The beginnings of Dada were not the beginnings of an art, but those of a disgust. Disgust with the magnificence of philosophers who for 3000 years have been explaining everything to us (what was the use?), disgust with the pretensions of those artists who were god's representatives on earth, disgust with passion, with real, morbid malice applied in cases where it isn't worth while, disgust with a new form of tyranny and restriction, which only accentuates men's instinct for domination instead of allaying it, disgust with all the catalogued categories, with the false prophets behind whom financial interests must be sought, with pride or with illness, disgust with people who separate good from evil, beauty from ugliness (for why is it more estimable to be red rather than green, left or right, tall or short?), disgust, finally, with the jesuitical dialectic that can explain everything and insert into people's poor brains oblique and obtuse ideas with neither roots nor base, all this by means of blinding artifices and the insinuating promises of charlatans.

Dada, after having again attracted the attention of the whole word to death, to its constant presence amongst us, works by destroying more and more, not in extent but in itself. Moreover it takes no pride in these disgusts, they bring it neither advantage nor profit. It doesn't even fight anymore because it knows that there is no point in doing so, that none of this is of any importance. What interests a dadaist is his own way of living.
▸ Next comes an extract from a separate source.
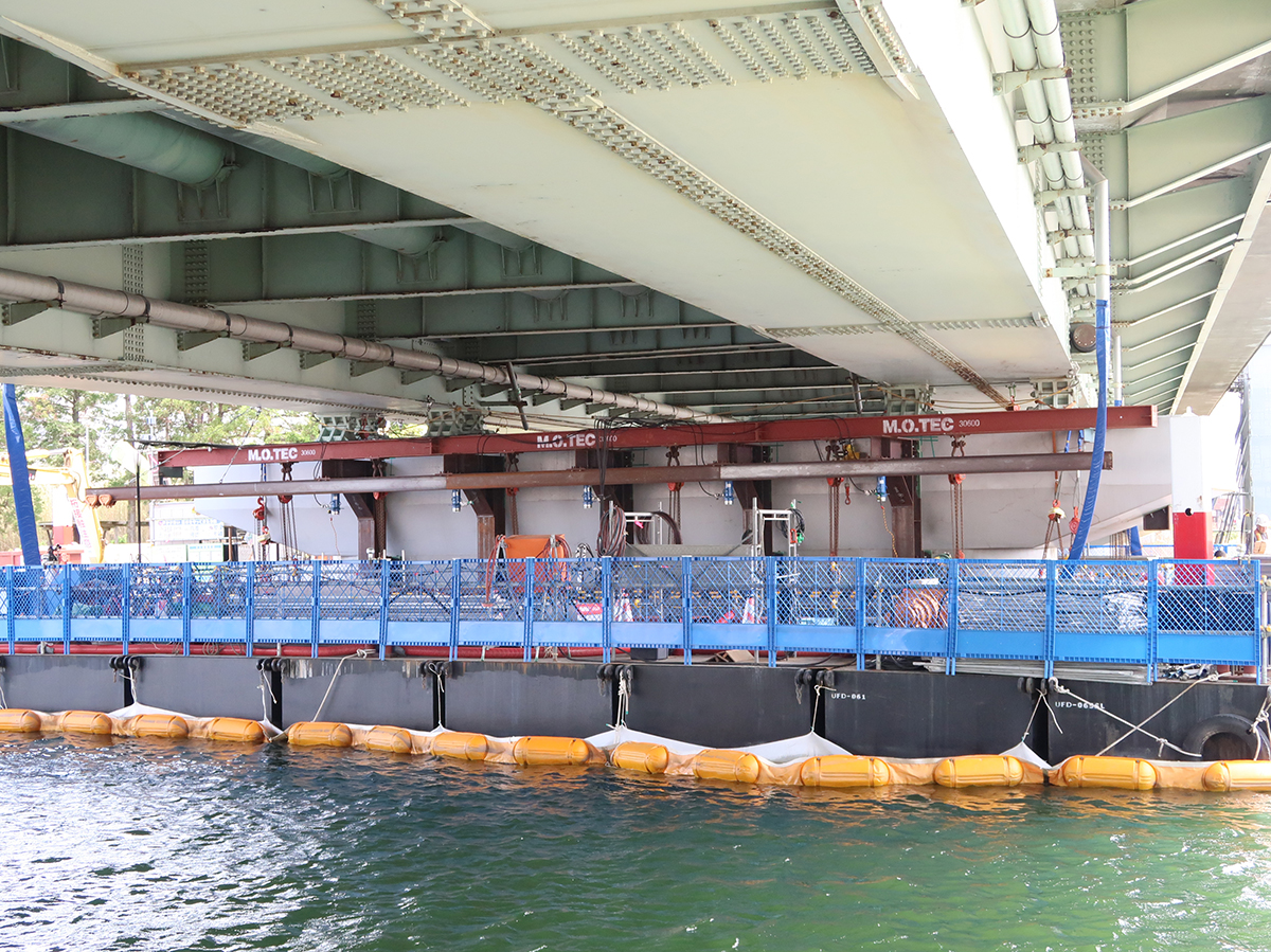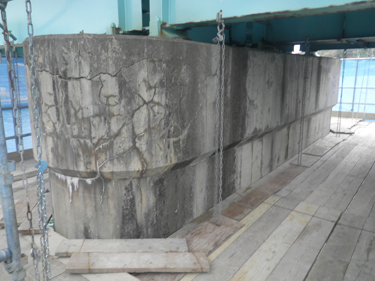 1977年の架設から約20年後に塩害が確認されて、表面被覆工などの塩害対策を行いました。その対策から15年後には、第2径間の主ケーブルの腐食、コンクリートの剥落、上下部工のASRの進行、下部工鉄筋の断面減少などの損傷が確認され、電気防食などの対策を実施してきましたが、対策実施中に第2径間の主ケーブル端部の破断など、想定を超えるような塩害の損傷が確認されました。その後、電気防食工と歪み観測を行いながら供用していましたが、2018年にはG4桁下端に大きなひび割れが確認されたため、耐荷力確認後、片側交互通行規制を行いながら、補修工事に着手しました。

But here we are reaching the places reserved for the great secret.

Dada is a state of mind. That is why it is transformed according to races and events. Dada is applicable to everything, and yet it is nothing, it is the point where yes and no meet, not solemnly in the castles of human philosophies, but quite simple on street corners like dogs and grasshoppers.

Dada is as useless as everything else in life.

Dada has no pretensions, which is how life ought to be.

Perhaps you'll understand me better if I tell you that dada is a virgin microbe that insinuates itself with the insistence of air into all the spaces that reason hasn't been able to fill with words or conventions.